REQUIREMENT:
Exclude pictures; retype the lines below from the line containing "Obrazy Kawa - Ziarna" through the end of the records, both ends kept.

DATA SUPPLIED:
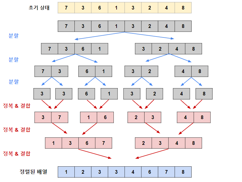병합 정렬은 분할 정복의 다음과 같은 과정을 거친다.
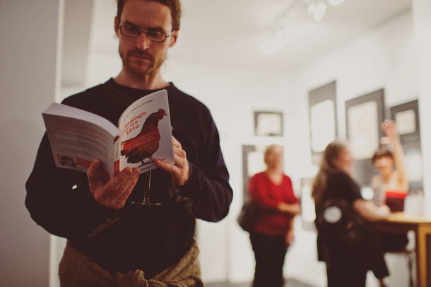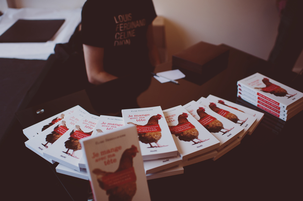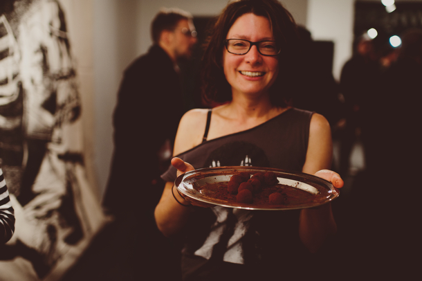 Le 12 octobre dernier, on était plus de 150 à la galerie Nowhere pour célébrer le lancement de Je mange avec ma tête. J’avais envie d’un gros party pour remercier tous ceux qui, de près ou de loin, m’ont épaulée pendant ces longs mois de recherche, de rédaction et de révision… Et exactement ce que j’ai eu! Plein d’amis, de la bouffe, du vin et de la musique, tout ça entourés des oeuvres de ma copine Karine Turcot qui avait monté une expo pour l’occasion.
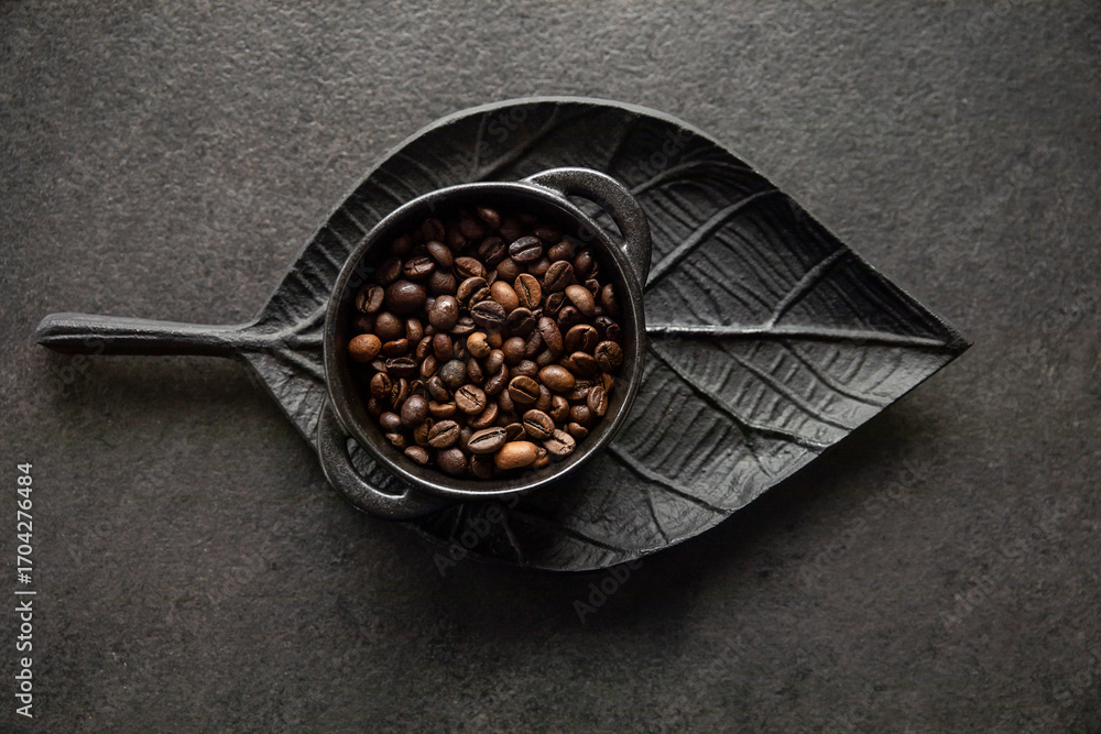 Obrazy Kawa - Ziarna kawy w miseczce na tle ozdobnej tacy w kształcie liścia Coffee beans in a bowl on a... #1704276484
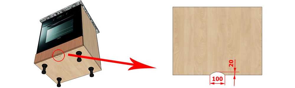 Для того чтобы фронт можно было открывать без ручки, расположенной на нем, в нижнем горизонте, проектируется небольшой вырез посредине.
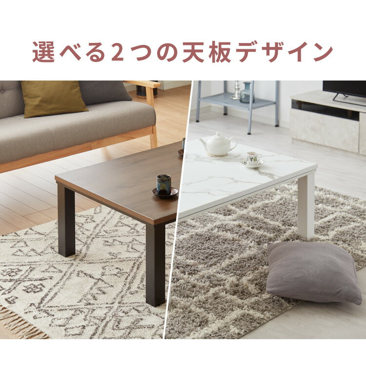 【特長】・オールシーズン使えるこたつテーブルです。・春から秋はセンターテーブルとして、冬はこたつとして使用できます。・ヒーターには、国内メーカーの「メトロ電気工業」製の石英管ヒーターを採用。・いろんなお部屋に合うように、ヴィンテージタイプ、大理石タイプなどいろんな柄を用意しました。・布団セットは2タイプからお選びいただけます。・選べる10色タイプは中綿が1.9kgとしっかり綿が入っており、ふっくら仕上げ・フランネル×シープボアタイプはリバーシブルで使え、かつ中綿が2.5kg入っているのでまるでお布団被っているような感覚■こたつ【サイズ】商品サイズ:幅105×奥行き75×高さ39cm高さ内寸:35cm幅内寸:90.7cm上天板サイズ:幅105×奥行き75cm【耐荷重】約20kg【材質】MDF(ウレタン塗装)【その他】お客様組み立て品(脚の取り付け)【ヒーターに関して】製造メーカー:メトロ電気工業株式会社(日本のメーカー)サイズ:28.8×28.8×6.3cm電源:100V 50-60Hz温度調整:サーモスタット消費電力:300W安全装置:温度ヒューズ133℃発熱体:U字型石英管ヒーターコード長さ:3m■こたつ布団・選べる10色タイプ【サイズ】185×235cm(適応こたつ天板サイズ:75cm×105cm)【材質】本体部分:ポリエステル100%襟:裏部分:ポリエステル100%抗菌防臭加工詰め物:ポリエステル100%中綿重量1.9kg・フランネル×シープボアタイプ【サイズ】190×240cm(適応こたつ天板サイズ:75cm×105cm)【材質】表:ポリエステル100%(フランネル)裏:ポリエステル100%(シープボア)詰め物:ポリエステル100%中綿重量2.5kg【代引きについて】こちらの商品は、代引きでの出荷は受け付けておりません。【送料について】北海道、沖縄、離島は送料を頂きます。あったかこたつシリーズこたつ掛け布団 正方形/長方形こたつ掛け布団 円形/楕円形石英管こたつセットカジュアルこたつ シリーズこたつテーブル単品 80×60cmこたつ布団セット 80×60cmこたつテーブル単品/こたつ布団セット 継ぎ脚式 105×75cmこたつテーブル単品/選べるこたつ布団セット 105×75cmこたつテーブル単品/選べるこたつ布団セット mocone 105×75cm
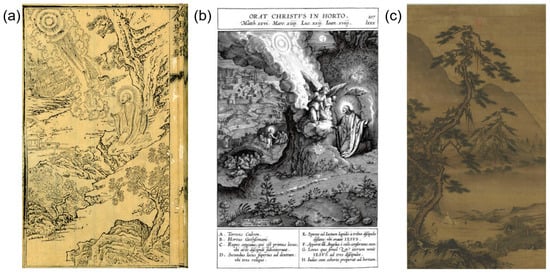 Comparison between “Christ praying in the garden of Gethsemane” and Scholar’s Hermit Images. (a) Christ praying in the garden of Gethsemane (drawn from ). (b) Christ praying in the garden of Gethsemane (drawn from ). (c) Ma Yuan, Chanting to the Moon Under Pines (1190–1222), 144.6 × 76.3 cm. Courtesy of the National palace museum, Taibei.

TASK RESPONSE:
 Obrazy Kawa - Ziarna kawy w miseczce na tle ozdobnej tacy w kształcie liścia Coffee beans in a bowl on a... #1704276484
 Для того чтобы фронт можно было открывать без ручки, расположенной на нем, в нижнем горизонте, проектируется небольшой вырез посредине.
 【特長】・オールシーズン使えるこたつテーブルです。・春から秋はセンターテーブルとして、冬はこたつとして使用できます。・ヒーターには、国内メーカーの「メトロ電気工業」製の石英管ヒーターを採用。・いろんなお部屋に合うように、ヴィンテージタイプ、大理石タイプなどいろんな柄を用意しました。・布団セットは2タイプからお選びいただけます。・選べる10色タイプは中綿が1.9kgとしっかり綿が入っており、ふっくら仕上げ・フランネル×シープボアタイプはリバーシブルで使え、かつ中綿が2.5kg入っているのでまるでお布団被っているような感覚■こたつ【サイズ】商品サイズ:幅105×奥行き75×高さ39cm高さ内寸:35cm幅内寸:90.7cm上天板サイズ:幅105×奥行き75cm【耐荷重】約20kg【材質】MDF(ウレタン塗装)【その他】お客様組み立て品(脚の取り付け)【ヒーターに関して】製造メーカー:メトロ電気工業株式会社(日本のメーカー)サイズ:28.8×28.8×6.3cm電源:100V 50-60Hz温度調整:サーモスタット消費電力:300W安全装置:温度ヒューズ133℃発熱体:U字型石英管ヒーターコード長さ:3m■こたつ布団・選べる10色タイプ【サイズ】185×235cm(適応こたつ天板サイズ:75cm×105cm)【材質】本体部分:ポリエステル100%襟:裏部分:ポリエステル100%抗菌防臭加工詰め物:ポリエステル100%中綿重量1.9kg・フランネル×シープボアタイプ【サイズ】190×240cm(適応こたつ天板サイズ:75cm×105cm)【材質】表:ポリエステル100%(フランネル)裏:ポリエステル100%(シープボア)詰め物:ポリエステル100%中綿重量2.5kg【代引きについて】こちらの商品は、代引きでの出荷は受け付けておりません。【送料について】北海道、沖縄、離島は送料を頂きます。あったかこたつシリーズこたつ掛け布団 正方形/長方形こたつ掛け布団 円形/楕円形石英管こたつセットカジュアルこたつ シリーズこたつテーブル単品 80×60cmこたつ布団セット 80×60cmこたつテーブル単品/こたつ布団セット 継ぎ脚式 105×75cmこたつテーブル単品/選べるこたつ布団セット 105×75cmこたつテーブル単品/選べるこたつ布団セット mocone 105×75cm
 Comparison between “Christ praying in the garden of Gethsemane” and Scholar’s Hermit Images. (a) Christ praying in the garden of Gethsemane (drawn from ). (b) Christ praying in the garden of Gethsemane (drawn from ). (c) Ma Yuan, Chanting to the Moon Under Pines (1190–1222), 144.6 × 76.3 cm. Courtesy of the National palace museum, Taibei.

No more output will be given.